▶ _Dataset content_:
○ ○ ○ ○ ○

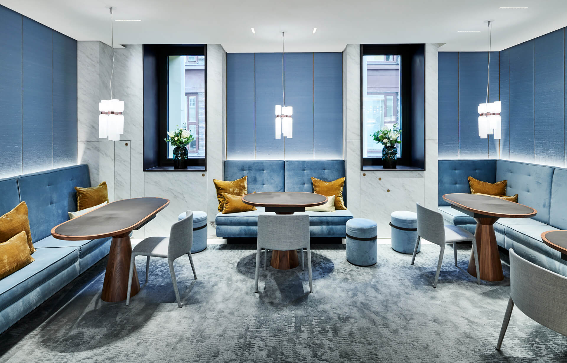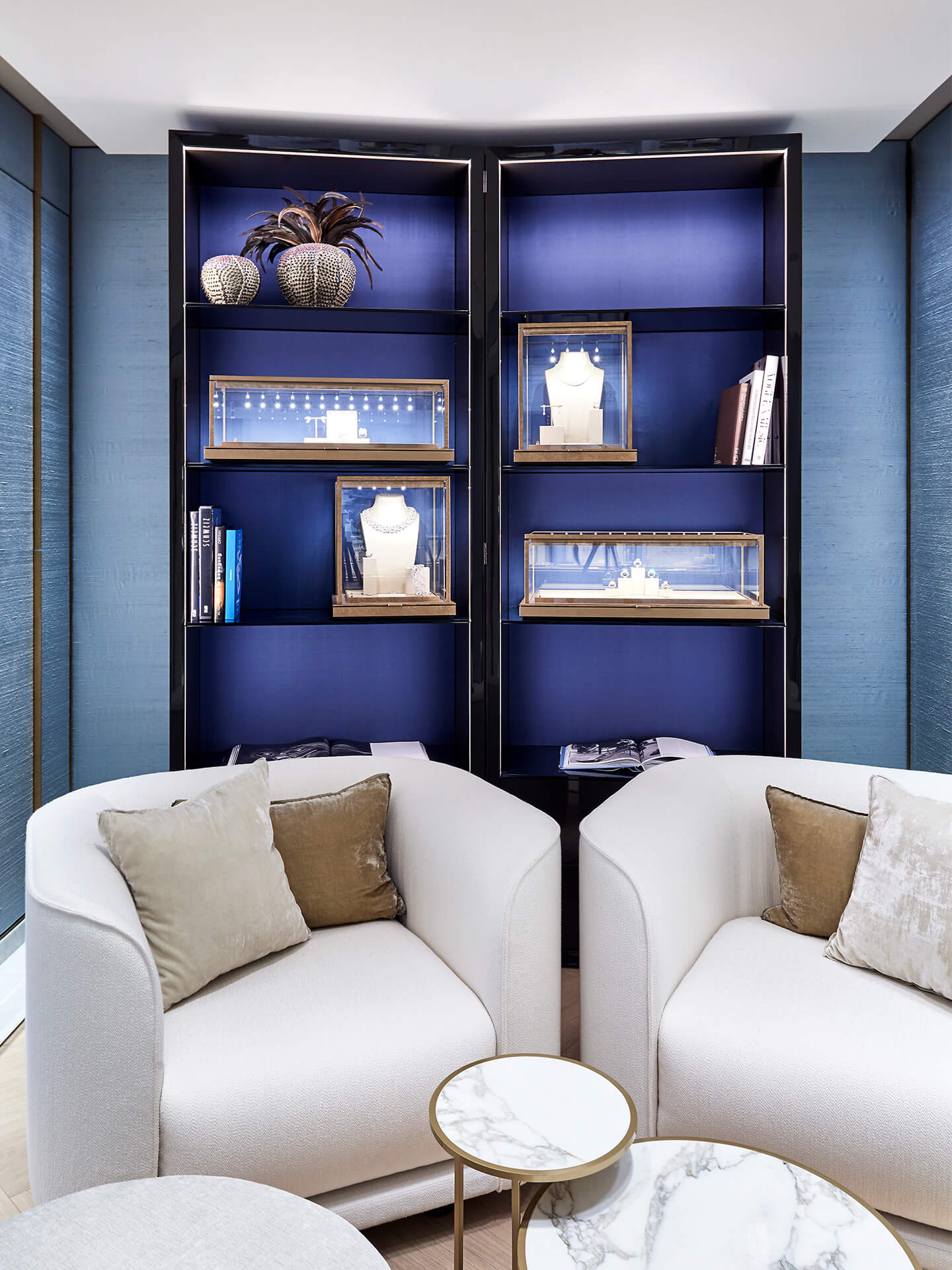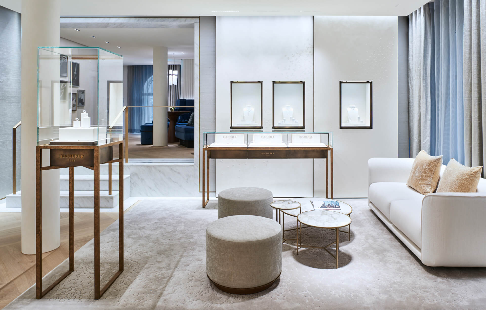 The first floor above ground in the neighbouring building – connected to the flagship store via a passageway – houses the jewellery and romance department. Here, the design language picks up on the façade of the building itself: it’s more playful, softer. Jewellery is displayed on oval counters with special lighting; a separate, private area done in blue silk and a café area likewise decorated in blue velvet tones feature semi-circular niches for consultation and trying on fine jewellery.
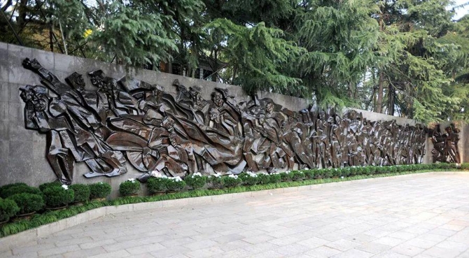?銅浮雕壁,紫銅煅軋,高4.5米、長82米,圍繞在紀(jì)念碑的背后及兩翼
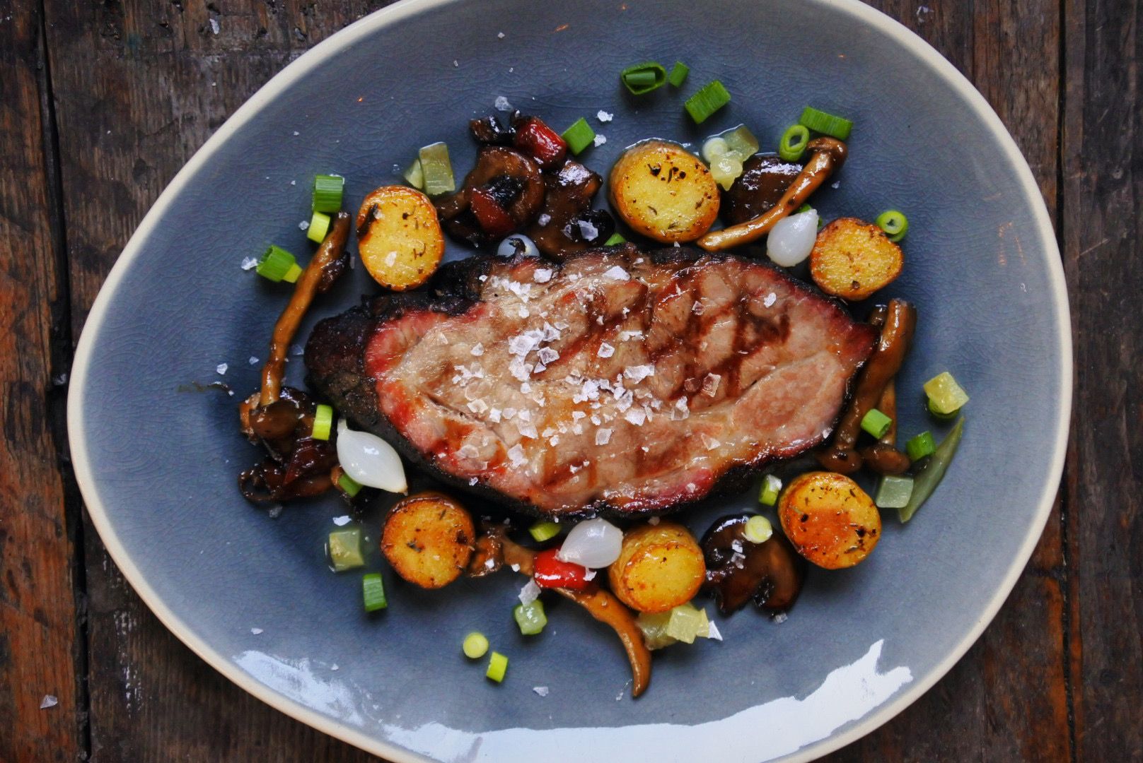10. Garneer je bord met gebakken champignons en gebakken aardappeltjes, en serveer met tafelzuur voor een fantastisch gepresenteerd gerecht!
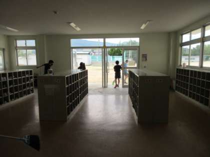児童玄関前の掃除です。今日は土でいっぱいでしたが、綺麗に掃きだしてくれました。
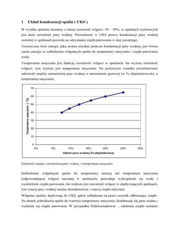1 Układ kondensacji spalin ( UKS ) W wyniku spalania biomasy o dużej zawartość wilgoci: 30 – 50%, w spalinach wylotowych jest duża zawartość pary wodnej. Prowadzony w UKS proces kondensacji pary wodnej zawartej w spalinach pozwala na odzyskanie ciepła parowania w niej zawartego. Teoretyczna ilość energii, jaką można uzyskać podczas kondensacji pary wodnej, jest równa sumie energii ze schłodzenia wilgotnych spalin do temperatury nasycenia i ciepła parowania wody. Temperatura nasycenia jest funkcją zawartości wilgoci w spalinach. Im wyższa zawartość wilgoci, tym wyższa jest temperatura nasycenia. Na poniższym rysunku przedstawiono zależność między zawartością pary wodnej w mieszaninie gazowej (w % objętościowych), a temperaturą nasycenia. 70 Temperatura nasycenia [ o C] 60 50 40 30 20 10 0 0% 5% 10% 15% 20% 25% 30% Udział pary wodnej [% objętościowy] Zależność między zawartością pary wodnej, a temperaturą nasycenia Schłodzenie wilgotnych spalin do temperatury niższej niż temperatura nasycenia (odpowiadającej wilgoci zawartej w spalinach), powoduje wykroplenie się wody i wydzielenie ciepła parowania. Im większa jest zawartość wilgoci w dopływających spalinach, tym więcej pary wodnej można skondensować i więcej ciepła odzyskać. Wilgotne spaliny dopływają do UKS, gdzie schładzane są przez czynnik odbierający ciepło. Na skutek schłodzenia spalin do wartości temperatury nasycenia, kondensuje się para wodna i wydziela się ciepło parowania. W przypadku Elektrociepłowni , odebrane ciepło zostanie wykorzystane do podgrzania powrotnej wody sieciowej. W zależności od rozwiązań technicznych UKS, ciepło odebrane ze spalin może być przekazane ze spalin bezpośrednio do wody sieciowej w wymienniku spaliny/woda sieciowa, lub za pomocą dodatkowego wymuszonego obiegu kondensatu i zewnętrznego wymiennika ciepła kondensat/woda sieciowa. Wykroplona para wodna, zwana kondensatem, jest odprowadzana z UKS. Kondensat, który w zależności od składu spalanej biomasy zawiera szereg zanieczyszczeń, może być poddany dalszemu oczyszczaniu. Technologia oczyszczania kondensatu zależy od wymaganego poziomu oczyszczania: do parametrów ścieków oczyszczonych, wody surowej lub też nawet wody zdemineralizowanej. Ilość ciepła możliwa do odebrania w UKS związana jest z temperaturą czynnika chłodzącego. Im niższa jest jego temperatura, tym bardziej można obniżyć temperaturę nasycenia spalin i skondensować więcej pary wodnej. Skondensowanie większej ilości pary wodnej oznacza większe ilości wydzielonego ciepła kondensacji. W wyniku chłodzenia spaliny osiągają temperaturę o kilka stopni wyższą niż czynnik chłodzący. Różnica między temperaturą schłodzonych spalin, a temperaturą czynnika chłodzącego, dopływającego do UKS, wynosi od 1oC do 5oC. Różnica ta zależy od rozwiązań technologicznych zastosowanych w UKS: przepływu czynnika chłodzącego, wielkości i zastosowanego materiału do budowy wymiennika. Mniejsza różnica temperatur pozwala na większe obniżenie temperatury spalin i wydzielenie więcej ciepła parowania. W UKS ciepło kondensacji pobierane jest przez cyrkulujący kondensat, który oddaje je powrotnej wodzie sieciowej w zewnętrznym wymienniku ciepła. − W przypadku zastosowania UKS nie odzyskuje się ciepła, gdy temperatura powrotnej wody sieciowej jest wyższa od temperatury nasycenia. W efekcie czego UKS nie pracuje dla temperatur powrotnej wody sieciowej powyżej 60oC (dla 40% wilgotności paliwa). − Oprócz funkcji odzysku ciepła ze spalin, w UKS spaliny są skuteczniej doczyszczane . Funkcja ta może być szczególnie przydatna, jeżeli spalane będą zrębki pochodzące z plantacji energetycznych i zawierające dużo chloru czy metali ciężkich (np. gdy plantacja energetyczna jest nawożona osadami z oczyszczalni ścieków). Głównymi korzyściami wynikającymi z zastosowania UKS jest: − wzrost sprawności wykorzystania energii chemicznej zawartej w spalanej biomasie, poprzez zwiększoną produkcję ciepła. Dzięki zastosowaniu UKS można osiągnąć do 20% więcej ciepła (dla wilgotności paliwa 40%) niż dla rozwiązań bez UKS, co daje całkowitą sprawność układu , która dochodzi nawet do 107% (liczoną w odniesieniu do wartości opałowej paliwa) − zagospodarowanie powstałego kondensatu i uzyskanie dodatkowego źródła wody. Układ kondensacji spalin pozwala na odzyskanie do 40% wody zawartej w spalinach dopływających do UKS. Czynnikami wpływającymi na opłacalność układu kondensacji spalin (UKS) są: − Zawartość wilgoci w paliwie, − Temperatura czynnika odbierającego ciepło – powrotnej wody sieciowej, − Czas wykorzystania instalacji, − Relacja pomiędzy nakładami inwestycyjnymi i unikniętymi kosztami wytwarzania ciepła. W celu zwiększenia zawartości wilgoci w spalinach dopływających do UKS, a tym samym ilości ciepła odbieranego w UKS, stosuje się też rozwiązania z nawilżaniem powietrza do spalania. Zwiększenie zawartości wilgoci, związane z wyższą temperatura nasycenia, umożliwia wykorzystanie czynnika odbierającego ciepło o temperaturze powyżej 60oC. 1.1 Praca UKS w systemie ciepłowniczym Elektrociepłowni Ciepło z układu kondensacji spalin będzie odbierane przez wodę sieciową. Ponieważ moc cieplna UKS związana jest z temperaturą powrotną wody sieciowej, (im niższa temperatura tym wyższa efektywność pracy UKS), włączenie UKS w układ cieplny elektrociepłowni powinno być zrealizowane jako pierwszy stopień podgrzewu powrotnej wody sieciowej, przed wymiennikami podstawowymi. Rozpatrując włączenie UKS w układ cieplny elektrociepłowni, trzeba wziąć pod uwagę: − Możliwości zagospodarowania kondensatu powstającego w trakcie pracy UKS. Technologia oczyszczania kondensatu zależy od wymaganego stopnia oczyszczania kondensatu i możliwości jego zagospodarowania: o Oczyszczenie do po
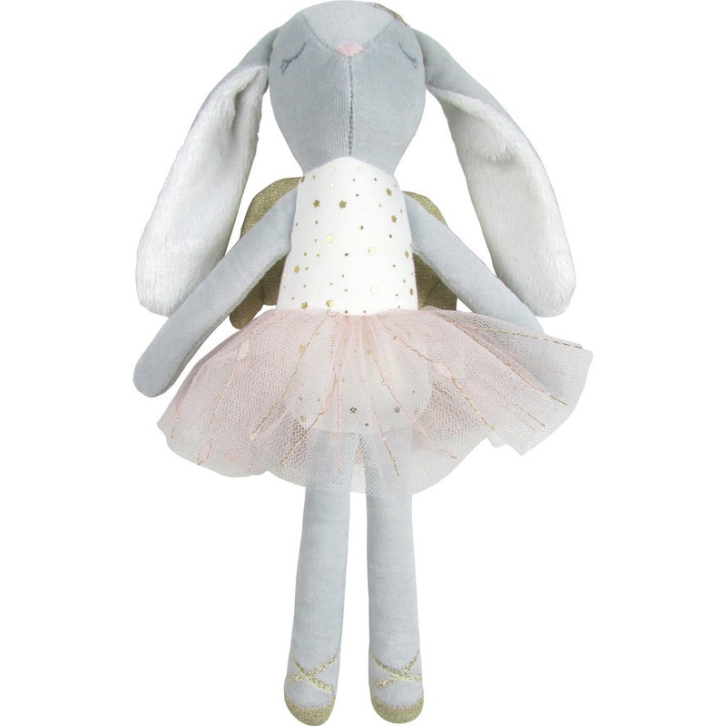Beautiful velvet bunny doll with handmade clothing and pretty details. Golden angel wings on the back.Key Features:11 height100% cottonImported
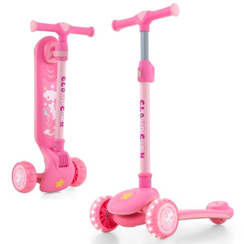 COSTWAY Barnskoter, vikbar, barnskoter med PU LED-hjul och bakbroms, sparkcykel, höjdjusterbar, stadsskoter, sparkcykel för pojkar och flickor från 3 år (rosa)

○ ○ ○ ○ ○

▶ _Task description_:
In the data above, start at the line holding "10. Garneer je" and stop after the line holding "児童玄関前の掃除です。今日は土でいっぱいでしたが、綺麗に掃きだしてくれました。"; write out those lines exactly, without pictures.

▶ _Exercise answer_:
10. Garneer je bord met gebakken champignons en gebakken aardappeltjes, en serveer met tafelzuur voor een fantastisch gepresenteerd gerecht!
児童玄関前の掃除です。今日は土でいっぱいでしたが、綺麗に掃きだしてくれました。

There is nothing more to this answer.